Was there popular support for fascism in Italy? Or was it a minority that Mussolini was able to bring to power? Is there something to say about the fact that both Italy and Germany were recently unified nations?
WWI and its outcome undoubtedly played a key role in the rise of fascism in Italy. While the factors that brought to the infamous March on Rome (1922) are multiple and diverse, in my answer I will focus mainly on two points: the attitude of army veterans in the aftermath of WWI and the evolution of Italian national discourse before the rise of fascism.

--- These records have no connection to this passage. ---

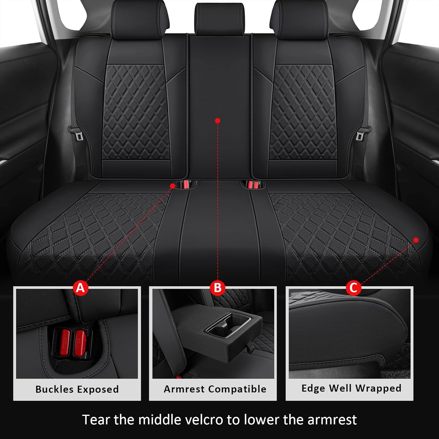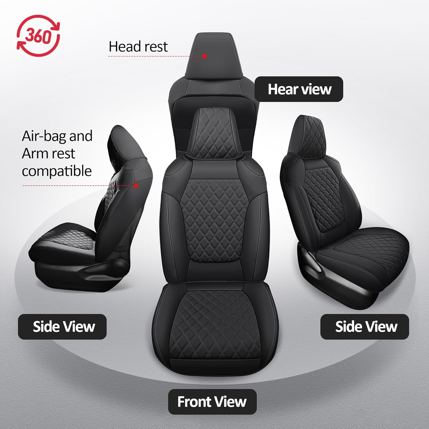- 【Premium Quality Material】Car Seat Covers Crafted from upgraded PU Leather , these seat covers are breathable, waterproof, and sweat-absorbent. Car seat protector offer a soft, comfortable feel while keeping your seats protected and stylish. Not for extreme heat: Prolonged sun exposure may cause slight stiffness – use a sunshade in hot climates.Note: Material has a slight synthetic smell initially (fades in 3-5 days).
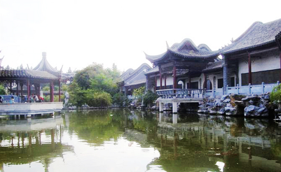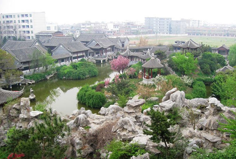 百花洲位于書院東側(cè),緊臨鄧州保存最完好的一段明代古土城墻。百花洲由謝絳在1039年任知州時辟建,后由范仲淹修建成書院園林,有菊花臺、亭榭、太湖石點(diǎn)綴湖岸,島內(nèi)遍植花木,建筑采用范仲淹家鄉(xiāng)清代江南園林風(fēng)格。百花洲布局為南山北水,洲南由各具特色的峭壁假山、五峰山和別有洞天組成。別有洞天假山將南北隔離,洲北湖內(nèi)大小三島,島上再現(xiàn)范仲淹任知州時與民同樂的嘉賞亭及菊花臺等。湖島將全湖劃分為大小水面,洲東面為自然收放線的溪流,北端有石舫“香舟”,中段臨水有扇亭“月到風(fēng)來亭”。百花洲之南的賞石園以欣賞石欄、石景為主。賞石園北為五峰假山、五峰書齋和長廊、思范亭,別有洞天,形成一條完美的園林風(fēng)景線。
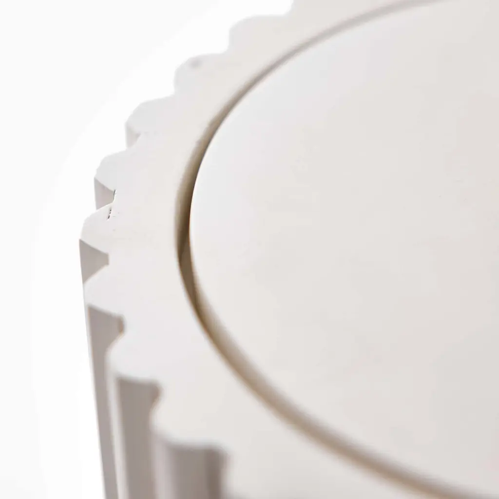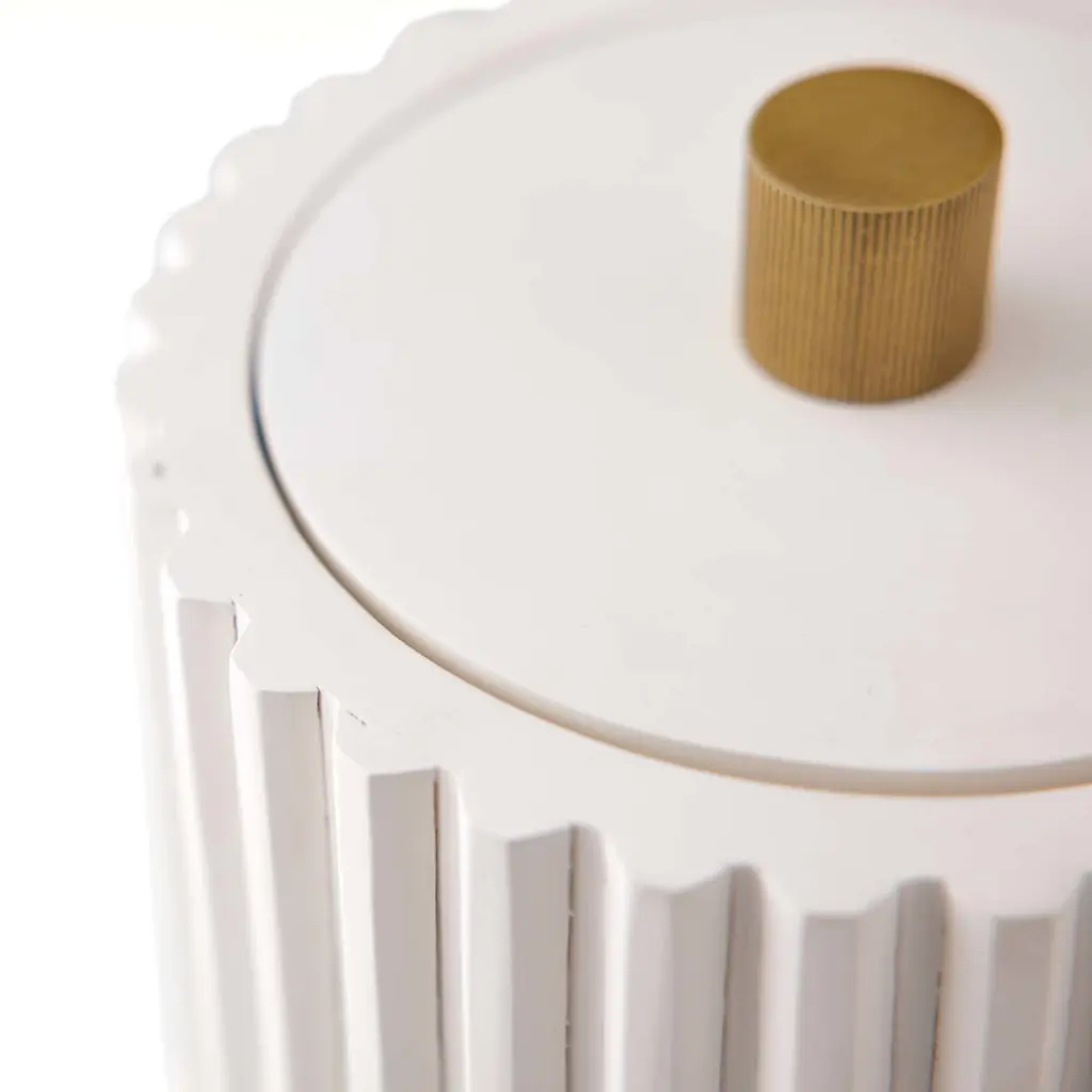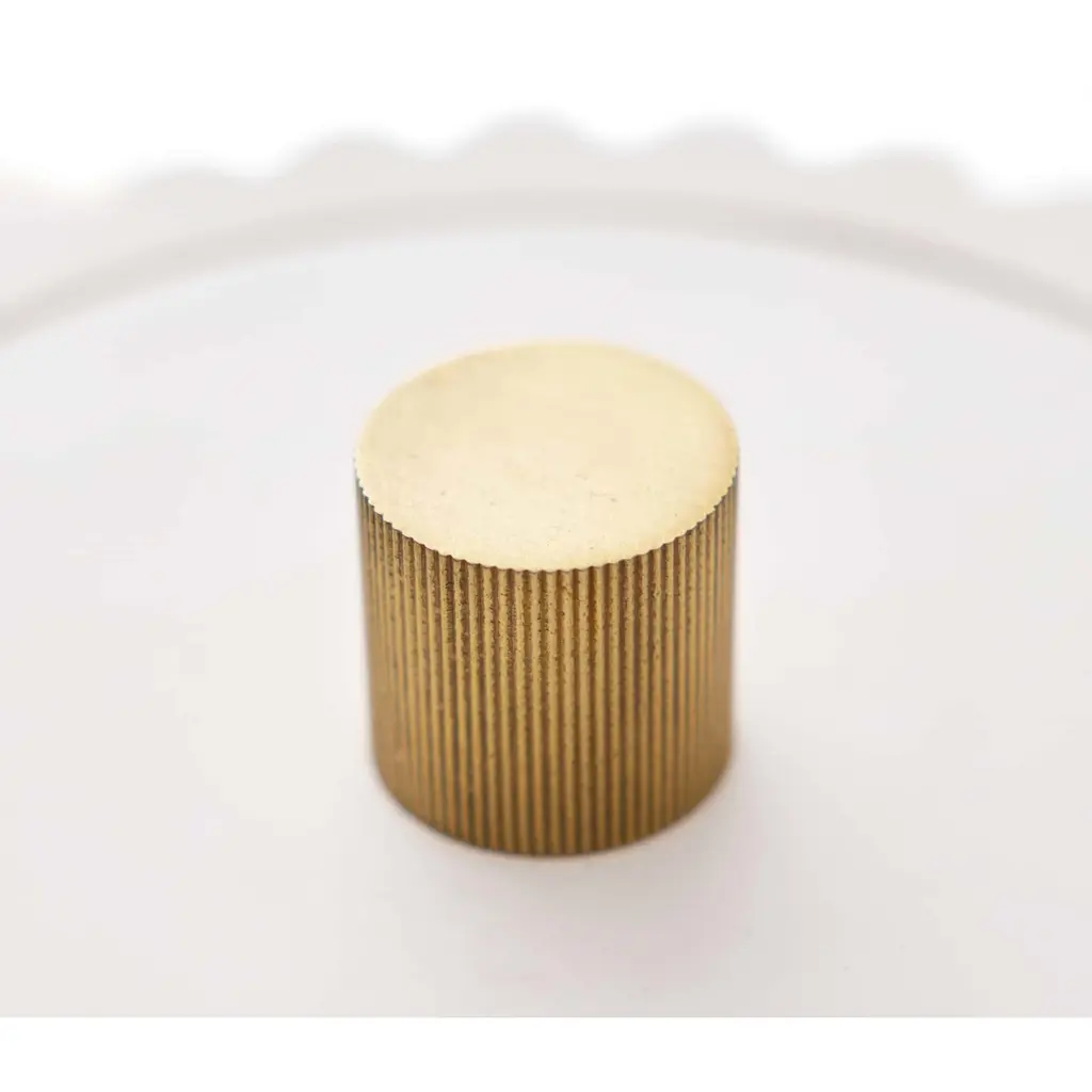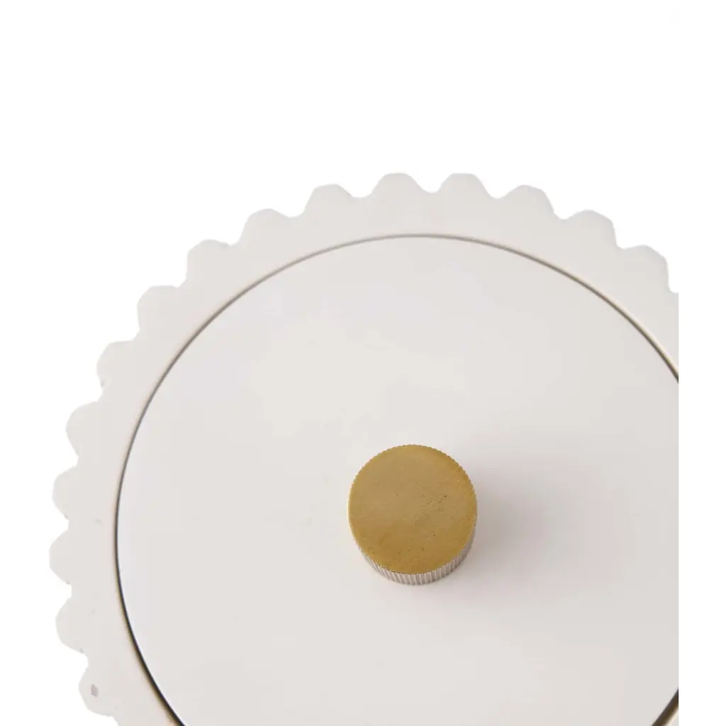 The whittaker’s grooved design, created in stacked, offset discs, offers an industrial nod reminiscent of machine gears. The contemporary cache features a contrasting, notched round knob in an antique brass finish. Carved in ivory resin, the accent is as versatile as it is style packed.
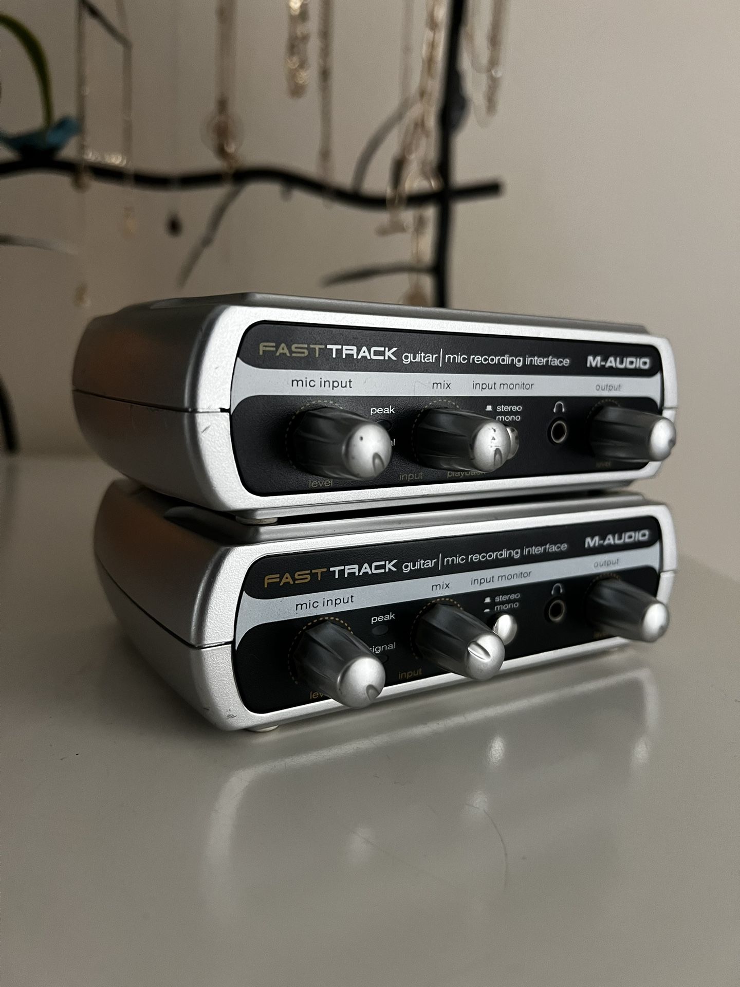 These are my two working M Audio FastTracks, they are in good working condition. I have a midi cable for you to test them with but It’s my only one so I cannot sell it with the audio interfaces unfortunately. I’m selling these together for $40 or $20 each.
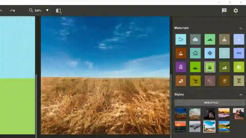 这些新材料可以通过九种预设风格进一步定制。当然,艺术家也可以选择上传自己的图像,创造出独一无二的风景。
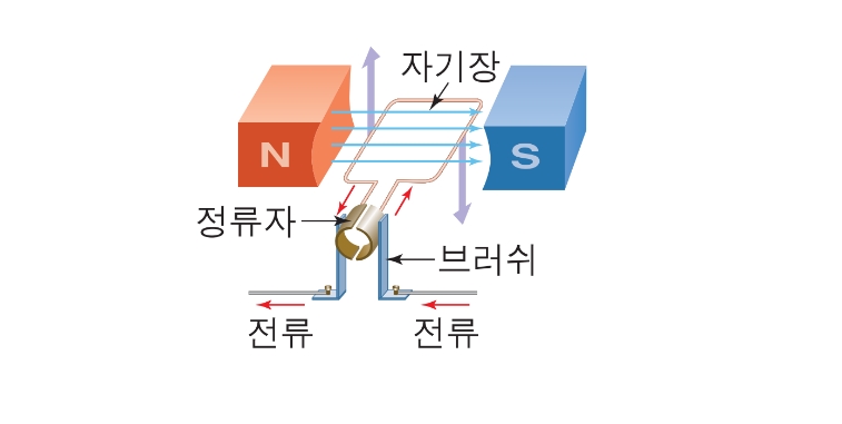 ① 외부에서 공급되는 직류 전류가 브러시와 정류자를 통해 코일에 흐르면 자석과 코일 사이에 자기력에 의한 돌림힘이 코일을 회전시킴
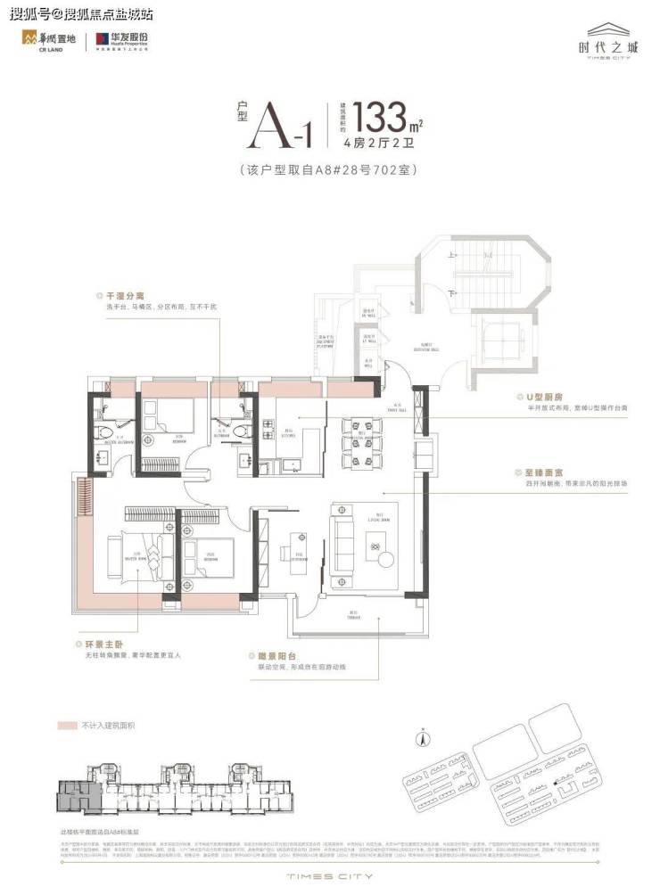 建筑面积约133㎡四房两厅二卫,该户型四开间朝南四房配置,有两点很独特:
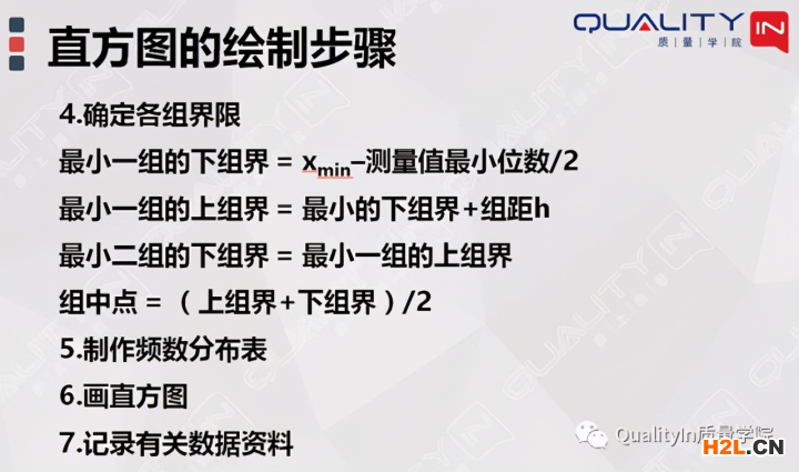 定義組界。最小一組的下組界=最小值-測量值的最小位數(shù)(一般是1或0.1)*0.5.最小一組的上組界=最小一組的下組界+組距,第二組的下組界為第一組的上組界,第二組的上組界=第二組的下組界+組距,依次類推。
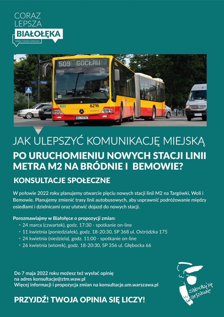 Wnioski w przedmiotowej sprawie mogą Państwo zgłaszać również drogą elektroniczną na adres: konsultacje@ztm.waw.pl. Termin: 7.05.2022
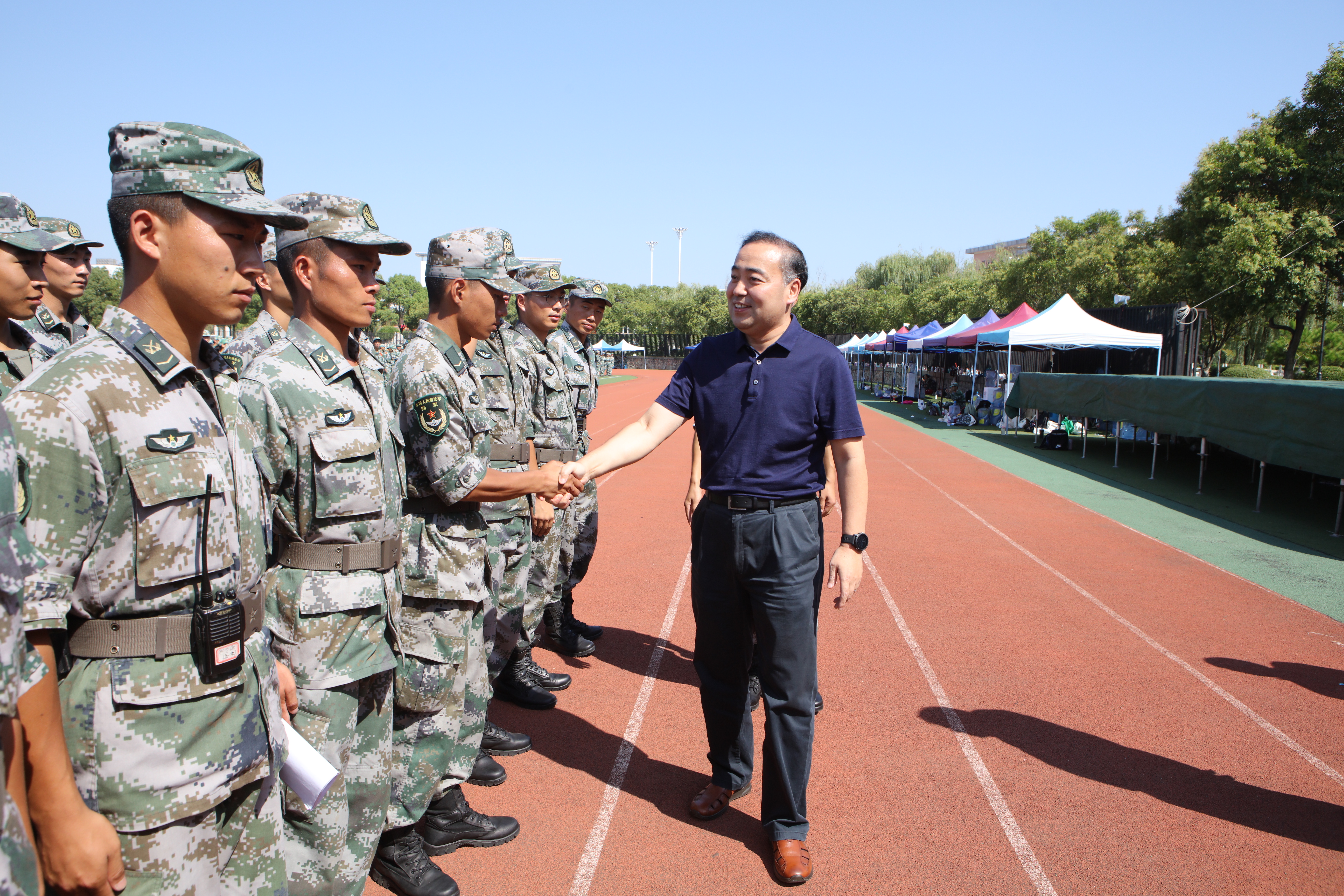 9月18日-19日,校党委书记张利民、校长程永波、副校长李群分别在相关职能部门负责人的陪同下来到仙林校区西苑操场,看望慰问承训的临汾旅教官及参训学生。
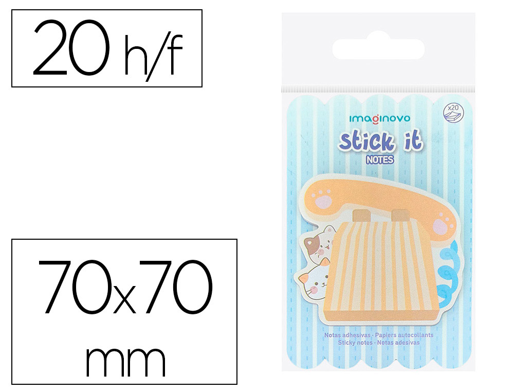 Haz que las tareas y recordatorios sean más divertidos con las notas adhesivas Imaginovo. Con un diseño fantasía, estas notas son ideales para niños, añadiendo un toque de creatividad y color a cualquier actividad. Características: 20 notas adhesivas. 70x70 mm. Teléfono.
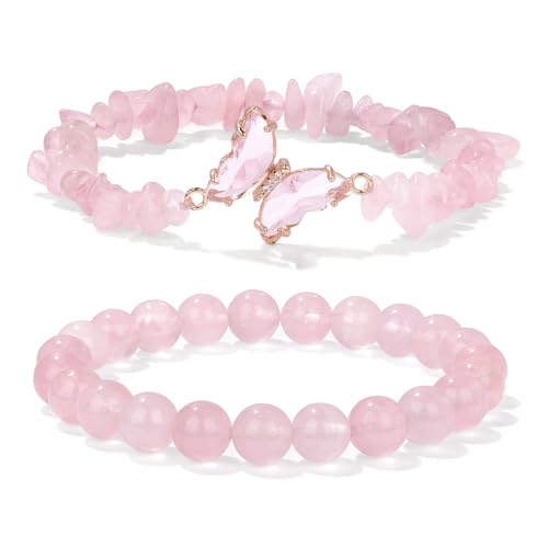GolbalJew - GolbalJew Amethyst Bracelet For Women Anxiety Amethyst Beaded Bracelets Butterfly Charms Healing Stone Layered Bracelet Gifts For Women
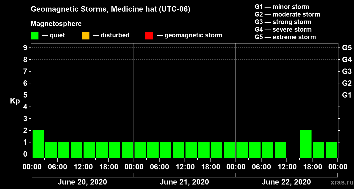 Geomagnetic storms in Medicine hat — Jun 22, 2020
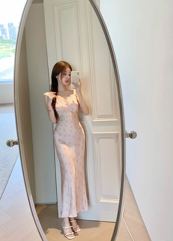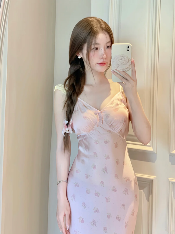 Pink suspender low-cut waist slim hip fishtail skirt R5030
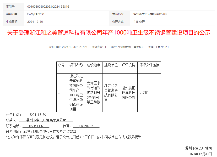 2024年12月30日溫州市生態(tài)環(huán)境局龍灣分局受理浙江和之美管道科技有限公司年產(chǎn)1000噸衛(wèi)生級(jí)不銹鋼管建設(shè)項(xiàng)目環(huán)境影響評(píng)價(jià)報(bào)告表并對(duì)外進(jìn)行公示,公示期:7個(gè)工作日。
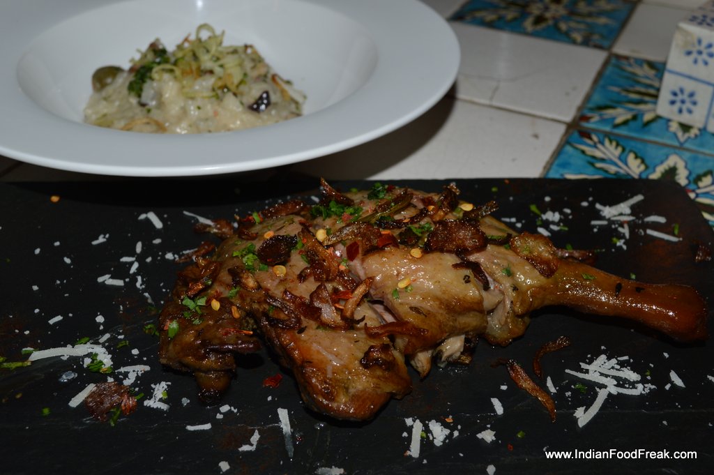 The Pepperoni pizza was another ace from the clay oven. The edges were crisp but not burnt and the base was right. Few more pieces of pepperoni and it would have hit just the chord that an excellent pizza touches. The best was still to come, risotto served with duck leg confit. The risotto was creamy without addition of cream; a sign of a mature chef. Duck leg confit was undoubtedly the best with crisp skin and very tender and juicy meat inside. Wish the risotto was a bit al-dente.

Although Italy had won the war, the outcome of the treaty was, in the eyes of many, unfavorable for the country. Some of the lands Italy had hoped to claim by joining the war (the so called terre irredente) were indeed granted, such as the city of Trieste and the Trentino region, but the Entente powers refused to acknowledge the Italian claim on Dalmatia, in the Balkans. This treatment was deemed humiliating by those who had pushed for the war in the first place (the most famous of whom, perhaps, was Gabriele d'Annunzio, a novelist who would then lead his own militia to occupy for a short time one of the contested cities, but that's another story). Many of those who had fought in the war, especially the officers, also felt that the country had been treated unfairly at the peace conferences and that, like you said, the territorial gains were disproportionate to the tremendous sacrifice the war had imposed. But the veterans' resentment was more complex than that. Many Italian officers, even the Chief of Staff Luigi Cadorna himself, had developed during WWI a lack of trust towards the politicians and the state in general. They often complained that the socialists and the giolittiani (those who supported Giolitti, a politician against the war), and all of those that in general did not approve of the conflict were actively sabotaging the war effort through harmful propaganda which, in their eyes, produced demotivated and unreliable soldiers. These suspicions became even stronger after the disastrous defeat of Caporetto in 1917. The idea that this military disaster was directly caused by inept politicians took hold. Moreover, when veterans returned home, they found a country plagued by social unrest, which brings me to my second point.
As historian Mario Banti argues in his excellent work Sublime madre nostra, the rhetoric used by those who had advocated for war in 1914 was very similar to the one that had characterized the national discourse of Risorgimento, the Italian independence period: such rhetoric was centered around the ideas of sacrifice, duty and the almost "sacred" nature of the nation. This set of ideas was being seriously challenged by socialist ideals in the immediate aftermath of WWI and many veterans felt that these new ideas, the uprisings, the strikes and the social unrest almost "betrayed" the ideals for which they had fought and suffered. They felt underappreciated for their efforts in the war. Early fascism "revived" the original national discourse, and Mussolini was seen by all those who were in some way displeased by the outcome of the war as the man who could set things right. To quote a young veteran who in 1919 writes about Mussolini and fascism: "This movement [fascism] shall be [...] the beginning of a new age, a better one than this." I think you are right when you say that Italy being a young nation somewhat favored the rise of fascism, as Mussolini was able to employ an already established set of values, the ones of Risorgimento, in order to twist them to his own advantage and to show himself as the defender of order and traditional values. The veterans' anger and disillusionment and the lack of trust between military and state obviously played in his favor.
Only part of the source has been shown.